*To do*
Repeat the whole listing word for word, skipping pictures.

= Beginning of Section =

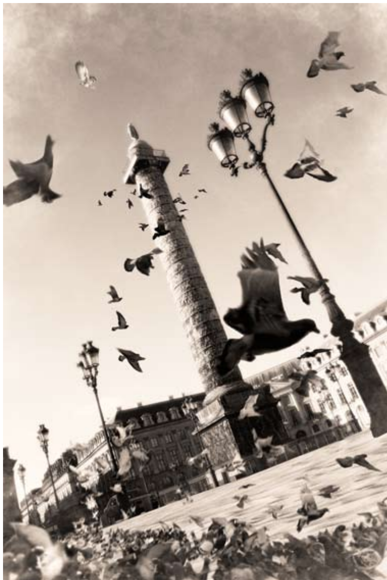
Photomontage - Tirage sur papier barité - 2006 - 70x47 cm - Place Vendôme
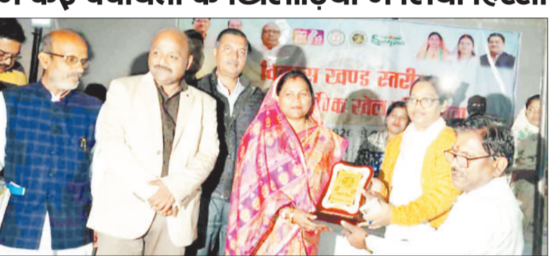
खिलाड़ियों को सम्मानित करते अतिथि
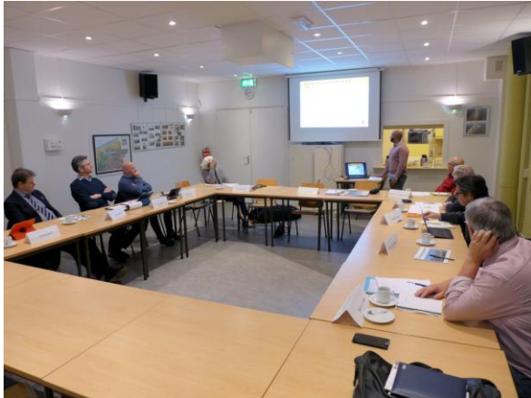
Vergadering werkgroep Kijkduin-Binnen en -Infra

Voor de begeleiding van de projecten in Kijkduin-Binnen zijn de werkgroepen Kijkduin-Binnen en Kijkduin-Infra samengevoegd. Samen met vertegenwoordigers van Gemeente, AVN en ontwikkelaars, wordt regelmatig overlegd over o.a. het landschappelijk raamwerk, de bouwlogistiek, de verkeersafwikkeling en de parkeerproblematiek. De werkgroep is in 2019 vier maal bijeen geweest.
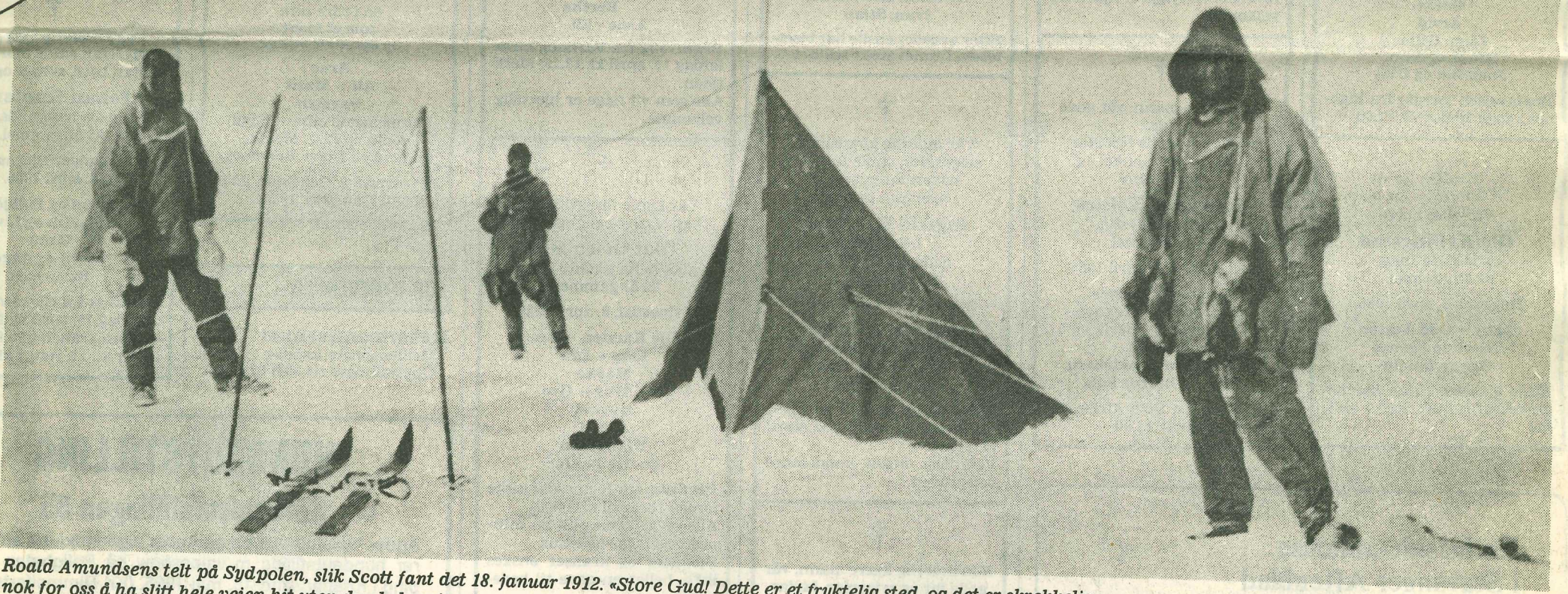
Roald Amundsens telt på Sydpolen, slik Scott fant det 18. januar 1912. «Store Gud! Dette er et fryktelig sted, og det er skrekkelig nok for oss å ha slitt hele veien hit uten den belønning å være først.»
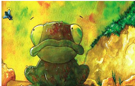
Jojo le crapaud

Animation « petits » : Histoires avec Kamishibai (Le kamishibai, appelé aussi théâtre d'images, est une technique narrative d'origine japonaise qui s'appuie sur des images de grand format défilant dans un castelet en bois à 3 portes, appelé butai), petit film d'animation suivi d'un atelier de modelage puis goûter. Mercredi 15 avril de 14h30 à 17h.
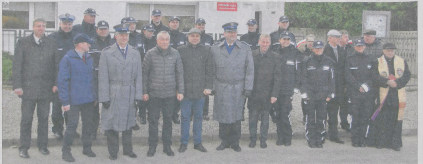
Wspólne zdjęcie funkcjonariuszy i zaproszonych gości
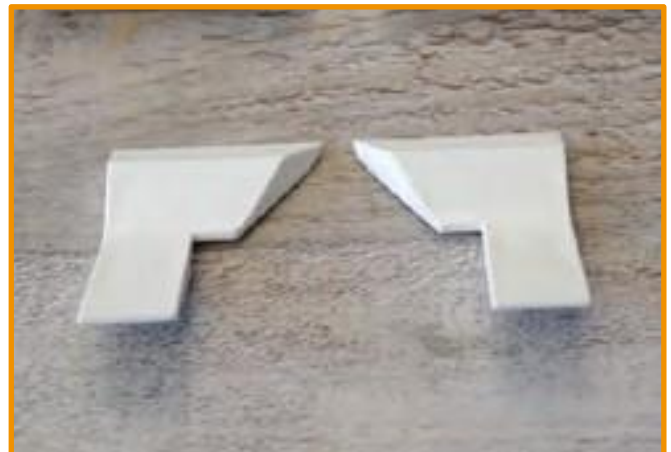
2 Stützböcke - links und rechts supporting trestle - left- and right side
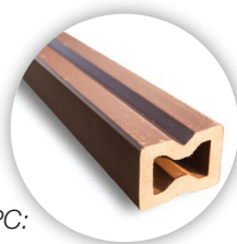
Podkladní hranol WPC:
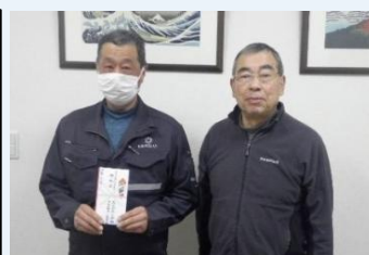
【資格取得で報奨金】
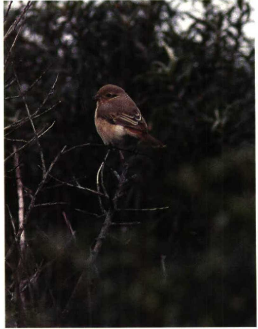
199 Paddyfield Warbler / Veldrietzanger Acrocephalus agricola , Helgoland, Germany, 5 October 1993 ( Arnoud B van den Berg ) 200 Isabelline Shrike / Izabelklauwier Lanius isabellinus , Helgoland, Germany, 2 October 1993 ( Arnoud B van den Berg ) 201 Pied Wheatear / Bonte Tapuit Oenanthe pleschanka , first-winter male, Vlieland, Friesland, Netherlands, 7 October 1993 ( Raymond van Splunder ) 202 Sardinian Warbler / Kleine Zwartkop Sylvia melanocephala , Lauwersoog, Groningen, Netherlands, 31 October 1993 ( Eric Koops )
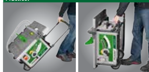
Fácil de transportar
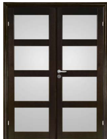
Kungsäter Jubileum 711 Wengebetsad ek Opalglas
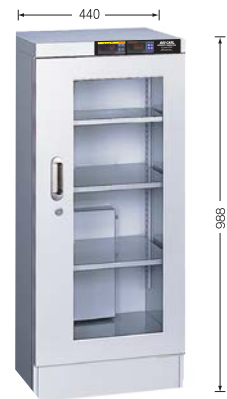
TDC-159-HYP ¥338,000 (庫内奥行390mm) (税別・送料別途)
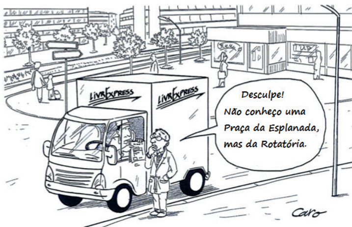
Figura 1: A Rotatória da Esplanada?

Em razão dos inúmeros problemas gerados por uma mudança de nome, as cidades são, então, bastante cautelosas e com frequência se contentam em rebatizar porções de ruas... sem habitantes! Assim, em Estrasburgo, quando o Quai Pasteur foi rebatizado Quai Menachem Tafel, em 2011, não havia praticamente nenhum imóvel comunicando com esse cais: sem endereço, sem problema!
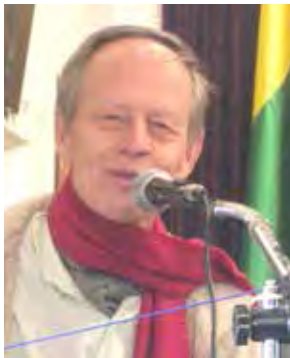
Reino - Voix Libres Blois et Voix Libres Finlande
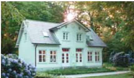
Sierichsches Forsthaus (Otto-Wels-Straße 3)

Sierichsches Forsthaus, Otto-Wels-Str. 3 | Eintritt frei (Wir freuen uns über Spenden)
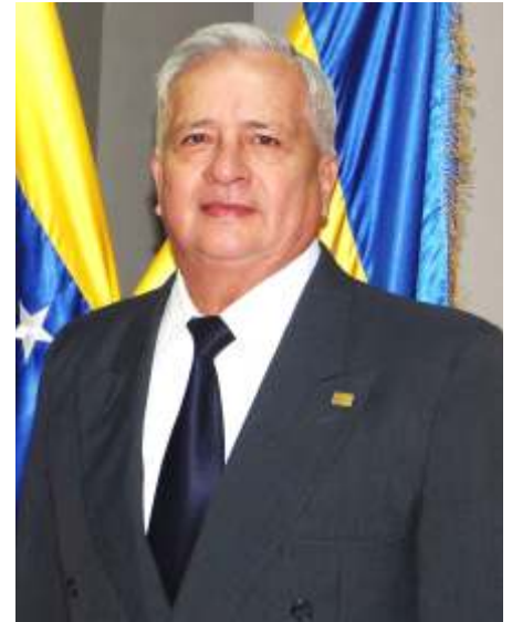
Dr. Pablo Reinaldo García Uzcátegui Contralor del Estado Táchira

Asimismo, dentro de las políticas internas fomentamos en los servidores públicos que forman parte de este Órgano Contralor principios y valores, con el fin de establecer un ambiente de armonía, donde se reflejen buenos resultados en el trabajo en equipo.
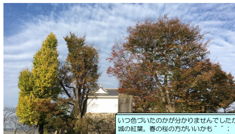
いつ色づいたのかが分かりませんが亀山城の紅葉。春の桜の方がいいかも^^;
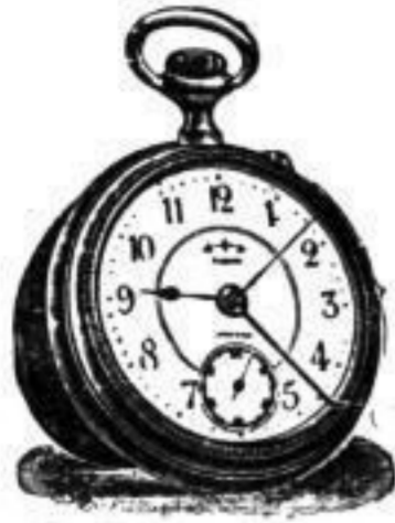
Taschenwecker 13'' bis 20''
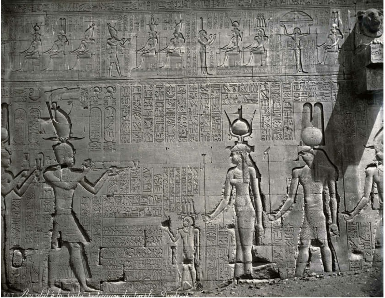
丹达拉的哈索尔神庙内的巨大浮雕表现的是克利奥帕特拉七世和儿子恺撒里昂（右侧）向诸神（左侧）献祭。
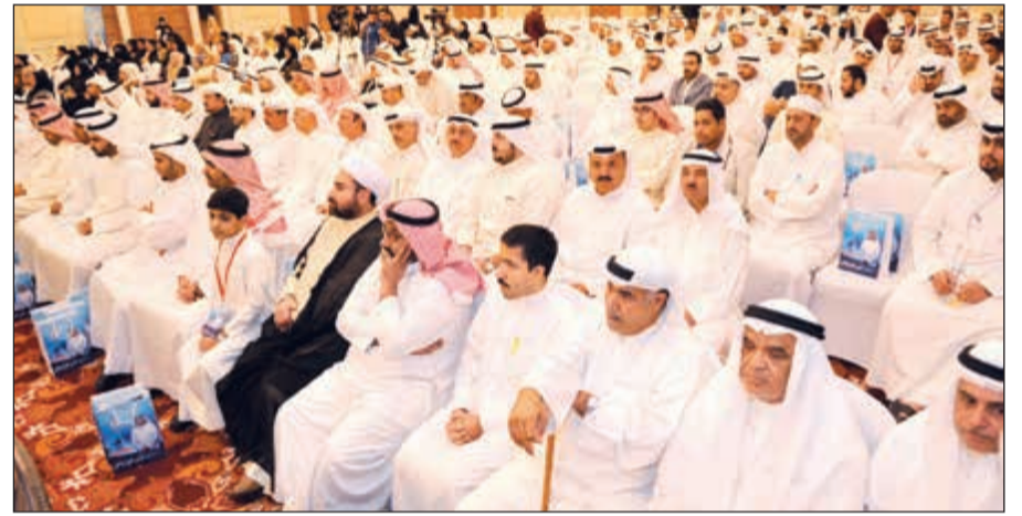
جانب من الحضور خلال الندوة

يجب استيراد العلاج عبر إنشاء مصحات مجهزة عالمياً وبالتالي ينتفع منها المحتاج والمستحق وتمنع السياحة الكاذبة عبر العلاج في الخارج. وحول تلوث البيئة قال لا أحد يعالج بشكل حقيقي أجواءنا وأرضنا وسماواتنا وبحرنا، مؤكداً أن موجة الفساد عالية جداً لكن همة المواطن الكويتي أكبر وأعلى منها وسوف يختار الإصلاح والأفضل والأكثر كفاءة وأفضلها ظاهرة النائب الهارب الذي لا يراه الناخبون فور وصوله للبرلمان، مشدداً على متابعة حلول العلاج والنهوض بالبلد من جديد ولا نتركها للمفسدين.
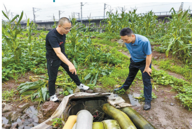
现场查勘堰塞湖排水情况

巴河江陵段作为国家特种鱼类保护区及二级饮用水源保护地,现正值主汛期,降水逐渐增多。在市、区防汛办的统筹指挥调度下,通川区江陵镇党委政府结合地理位置实际情况,与巴河上游平昌县积极协调、沟通,建立联巡、联防机制。
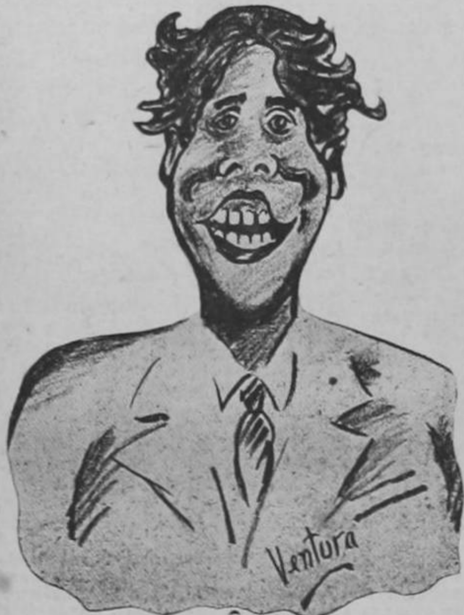
TIPITIN, TIPITIN, TIPITON FILIPICHIN, FILIPICHIN FILIPICHON... ESTE ES EL RÉTRATO DE UN GRAN BROCHON...
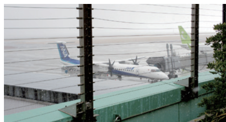
滑走路にもほんのり雪が…
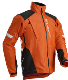
VESTE POUR TURBOFILS ET DÉBROUSSAILLEUSES, TECHNICAL 580 68 82-54
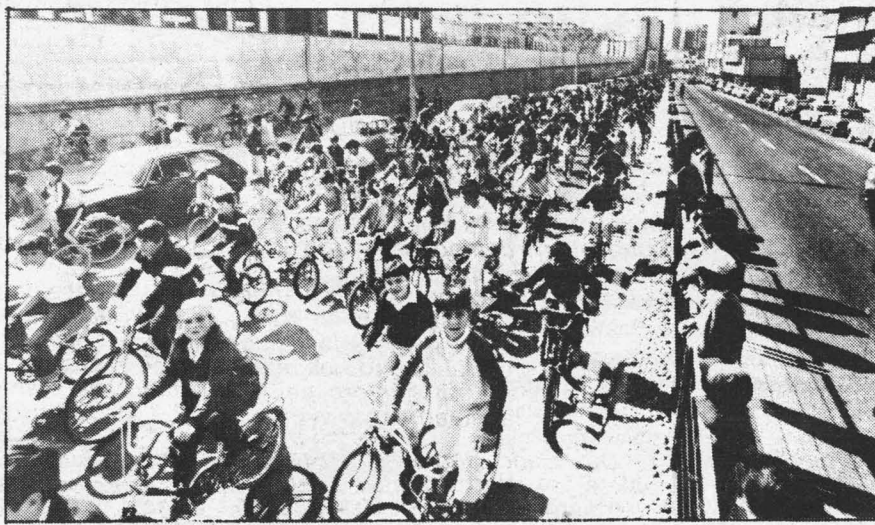
A Dirección Xeral de Tráfico ven de convocar o "III Concurso de Educación Vial Escolar".

As funcións que desempeñará o Consello Escolar en relación ó comedor serán: fixar criterios para a formación do persoal colaborador, a proposta do director, designar e separa-lo encargado do comedor e persoal colaborador; seleccionar, nomear e separa-lo persoal laboral, ademais de aproba-los presupostos presentados pola Comisión Económica, que será a encargada de alegalos, así como
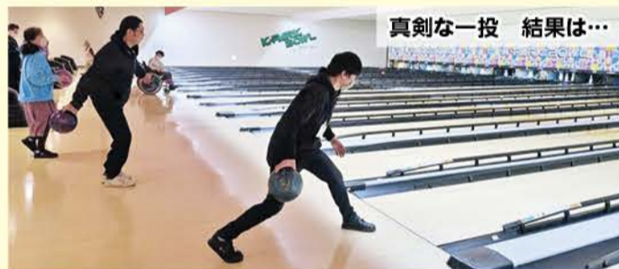
真剣な一投 結果は...
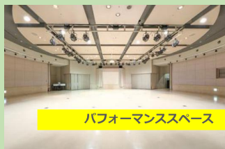
パフォーマンススペース
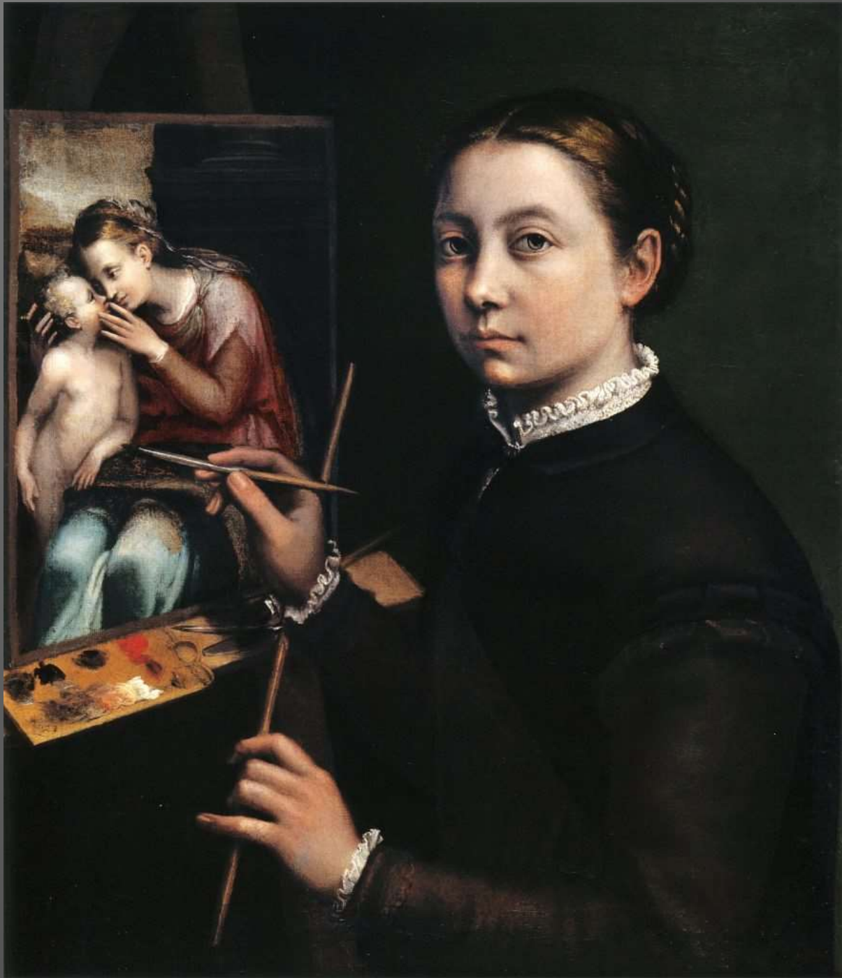
Sofonisba Anguissola, Autoritratto, 1556-65, Lancult, Castello di Lancult
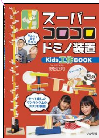
「スーパーコロコロドミノ装置」 野出 正和//著 いかだ社

= End of Section =

*Your response*
Photomontage - Tirage sur papier barité - 2006 - 70x47 cm - Place Vendôme
खिलाड़ियों को सम्मानित करते अतिथि
Vergadering werkgroep Kijkduin-Binnen en -Infra

Voor de begeleiding van de projecten in Kijkduin-Binnen zijn de werkgroepen Kijkduin-Binnen en Kijkduin-Infra samengevoegd. Samen met vertegenwoordigers van Gemeente, AVN en ontwikkelaars, wordt regelmatig overlegd over o.a. het landschappelijk raamwerk, de bouwlogistiek, de verkeersafwikkeling en de parkeerproblematiek. De werkgroep is in 2019 vier maal bijeen geweest.
Roald Amundsens telt på Sydpolen, slik Scott fant det 18. januar 1912. «Store Gud! Dette er et fryktelig sted, og det er skrekkelig nok for oss å ha slitt hele veien hit uten den belønning å være først.»
Jojo le crapaud

Animation « petits » : Histoires avec Kamishibai (Le kamishibai, appelé aussi théâtre d'images, est une technique narrative d'origine japonaise qui s'appuie sur des images de grand format défilant dans un castelet en bois à 3 portes, appelé butai), petit film d'animation suivi d'un atelier de modelage puis goûter. Mercredi 15 avril de 14h30 à 17h.
Wspólne zdjęcie funkcjonariuszy i zaproszonych gości
2 Stützböcke - links und rechts supporting trestle - left- and right side
Podkladní hranol WPC:
【資格取得で報奨金】
199 Paddyfield Warbler / Veldrietzanger Acrocephalus agricola , Helgoland, Germany, 5 October 1993 ( Arnoud B van den Berg ) 200 Isabelline Shrike / Izabelklauwier Lanius isabellinus , Helgoland, Germany, 2 October 1993 ( Arnoud B van den Berg ) 201 Pied Wheatear / Bonte Tapuit Oenanthe pleschanka , first-winter male, Vlieland, Friesland, Netherlands, 7 October 1993 ( Raymond van Splunder ) 202 Sardinian Warbler / Kleine Zwartkop Sylvia melanocephala , Lauwersoog, Groningen, Netherlands, 31 October 1993 ( Eric Koops )
Fácil de transportar
Kungsäter Jubileum 711 Wengebetsad ek Opalglas
TDC-159-HYP ¥338,000 (庫内奥行390mm) (税別・送料別途)
Figura 1: A Rotatória da Esplanada?

Em razão dos inúmeros problemas gerados por uma mudança de nome, as cidades são, então, bastante cautelosas e com frequência se contentam em rebatizar porções de ruas... sem habitantes! Assim, em Estrasburgo, quando o Quai Pasteur foi rebatizado Quai Menachem Tafel, em 2011, não havia praticamente nenhum imóvel comunicando com esse cais: sem endereço, sem problema!
Reino - Voix Libres Blois et Voix Libres Finlande
Sierichsches Forsthaus (Otto-Wels-Straße 3)

Sierichsches Forsthaus, Otto-Wels-Str. 3 | Eintritt frei (Wir freuen uns über Spenden)
Dr. Pablo Reinaldo García Uzcátegui Contralor del Estado Táchira

Asimismo, dentro de las políticas internas fomentamos en los servidores públicos que forman parte de este Órgano Contralor principios y valores, con el fin de establecer un ambiente de armonía, donde se reflejen buenos resultados en el trabajo en equipo.
いつ色づいたのかが分かりませんが亀山城の紅葉。春の桜の方がいいかも^^;
Taschenwecker 13'' bis 20''
丹达拉的哈索尔神庙内的巨大浮雕表现的是克利奥帕特拉七世和儿子恺撒里昂（右侧）向诸神（左侧）献祭。
جانب من الحضور خلال الندوة

يجب استيراد العلاج عبر إنشاء مصحات مجهزة عالمياً وبالتالي ينتفع منها المحتاج والمستحق وتمنع السياحة الكاذبة عبر العلاج في الخارج. وحول تلوث البيئة قال لا أحد يعالج بشكل حقيقي أجواءنا وأرضنا وسماواتنا وبحرنا، مؤكداً أن موجة الفساد عالية جداً لكن همة المواطن الكويتي أكبر وأعلى منها وسوف يختار الإصلاح والأفضل والأكثر كفاءة وأفضلها ظاهرة النائب الهارب الذي لا يراه الناخبون فور وصوله للبرلمان، مشدداً على متابعة حلول العلاج والنهوض بالبلد من جديد ولا نتركها للمفسدين.
现场查勘堰塞湖排水情况

巴河江陵段作为国家特种鱼类保护区及二级饮用水源保护地,现正值主汛期,降水逐渐增多。在市、区防汛办的统筹指挥调度下,通川区江陵镇党委政府结合地理位置实际情况,与巴河上游平昌县积极协调、沟通,建立联巡、联防机制。
TIPITIN, TIPITIN, TIPITON FILIPICHIN, FILIPICHIN FILIPICHON... ESTE ES EL RÉTRATO DE UN GRAN BROCHON...
滑走路にもほんのり雪が…
VESTE POUR TURBOFILS ET DÉBROUSSAILLEUSES, TECHNICAL 580 68 82-54
A Dirección Xeral de Tráfico ven de convocar o "III Concurso de Educación Vial Escolar".

As funcións que desempeñará o Consello Escolar en relación ó comedor serán: fixar criterios para a formación do persoal colaborador, a proposta do director, designar e separa-lo encargado do comedor e persoal colaborador; seleccionar, nomear e separa-lo persoal laboral, ademais de aproba-los presupostos presentados pola Comisión Económica, que será a encargada de alegalos, así como
真剣な一投 結果は...
パフォーマンススペース
Sofonisba Anguissola, Autoritratto, 1556-65, Lancult, Castello di Lancult
「スーパーコロコロドミノ装置」 野出 正和//著 いかだ社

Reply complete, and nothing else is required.